However, GAO has found that the data on the Dashboard are not always 
accurate. Specifically, in reviews of selected investments from 10 
agencies, GAO found that the Dashboard ratings were not always 
consistent with agency cost and schedule performance data. In these 
reports GAO made a number of recommendations to OMB and federal 
agencies to improve the accuracy of Dashboard ratings. Agencies agreed 
with these recommendations, while OMB agreed with all but one. 
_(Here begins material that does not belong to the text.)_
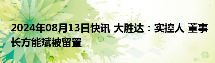 2024年08月13日快讯 大胜达:实控人 董事长方能斌被留置

In addition to the Dashboard, beginning in January 2010, the Federal 
CIO began leading reviews—known as “TechStat” sessions—of selected IT 
investments involving OMB and agency leadership to increase 
accountability and transparency and improve performance. OMB officials 
stated that, as of December 2010, 58 sessions had been held and 
resulted in improvements to or termination of IT investments with 
performance problems. For example, the June 2010 TechStat session for 
a National Archives and Records Administration investment resulted in 
the halting of development funding pending the completion of a 
strategic plan. In addition, OMB identified 26 additional high-
priority IT projects and plans to develop corrective action plans with 
agencies at future TechStat sessions. According to the Federal CIO, OMB’
s efforts to improve management and oversight of IT investments have 
already resulted in $3 billion in savings. 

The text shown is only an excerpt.